Figure 1 shows the frequency distributions and difference analysis of the number of contacts (per day) during term time and holiday periods. Definition of frequency means the number of participants divided by the total number of participants (n = 75). The results indicate that the highest contact numbers occurred during the intervals of 5–9 per day and 30–35 per day during the holiday and term time, respectively (Fig. 1a ). We further estimated the individual-based changes in the number of contacts between the two periods (Fig. 1b, c ). It was defined as the numbers during term time minus the numbers during the holiday period for each specific participant. The change of 0–5 contacts per day produced the highest percentage (41%, 31/75 participants).

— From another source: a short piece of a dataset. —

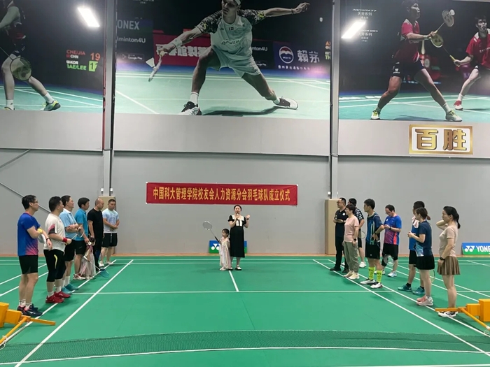 6 月 30 日上午,“中国科大管理学院校友会人力资源分会羽毛球队成立仪式”于包河区百胜羽毛球馆举办。众多嘉宾莅临现场,包括中国科大管理学院校友办主管老师刘采一、安徽省 MBA 联谊会执行主席张学武先生、中国科大管理学院校友会人力资源分会会长江传群女士等。活动由秘书长章杨主持。

Fig. 1. (a) Frequency distribution of the number of contacts (per day) in term time (yellow) and holiday periods (red). (b, c) Frequency distribution of the change in number of contacts (per day) by 75 participants. The compared numbers of contacts were defined as the numbers during term time minus the numbers during holiday periods for each specific participant.

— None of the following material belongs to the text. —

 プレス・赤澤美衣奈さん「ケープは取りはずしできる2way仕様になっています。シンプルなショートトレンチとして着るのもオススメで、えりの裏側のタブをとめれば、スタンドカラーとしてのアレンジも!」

Comparison of the contact properties during term time and a holiday period

The properties of contacts during term time and a holiday period are presented in Figure 2. The results revealed that there were 1496 contacts during the term time and obviously the number was higher than those during the holiday period (944 contacts). Several of the stratification variables listed in Table 1, including the sex, contact type, age groups, contact duration, mask used or not, and contact frequency. Most contact characteristics in term time were female (55·28%), conversation type (70%) and the most active age group was 13–19 years. The dominant contact frequencies and duration were everyday contact (89·10%) and contact duration <5 min (37·09%). Regarding the contact setting, 74·13% of contact numbers took place at school during term time and 52·65% contact numbers at home during the holiday period.

Fig. 2. Properties of encounter in term time (left bars) and holiday period (right bars). (a) Sex (male, female) and contact type (conversation, physical). (b) Age groups (0–12, 13–19, ⩾20 years) and contact duration (<5 min, 5–15 min, 15 min–1 h, 1–4 h, >4 h), and (c) mask (used or not), contact frequency (every day, 1–2 times a week, 1–2 times a month, <1 time a month, first time), and setting (school, home, cram school, other).

Table 2 shows the contact numbers for different age groups and contact levels. The average number of contacts during term time (20·0 contacts per day) and holiday periods (12·6 contacts per day) were significantly different (P < 0·05) based on the Wilcoxon signed-rank test. The median, Q1 and Q3 of contact numbers during term time were 8, 21 and 35, respectively. The median, Q1 and Q3 of contact numbers during holiday periods were 5, 8 and 19, respectively. A significant difference (7·36 per day) was shown during term time and holiday periods for all contacts. The major difference between holiday period and term time took place in the 13–19 years age group, i.e. it was most common for junior high-school students to decrease contacts with their classmates during holiday periods. Finally, Figure 3(a, b) shows the distribution of the number of contacts per day during term time and the holiday period, respectively. Superimposed on each plot are lognormal distributions which provided the best fit to the data.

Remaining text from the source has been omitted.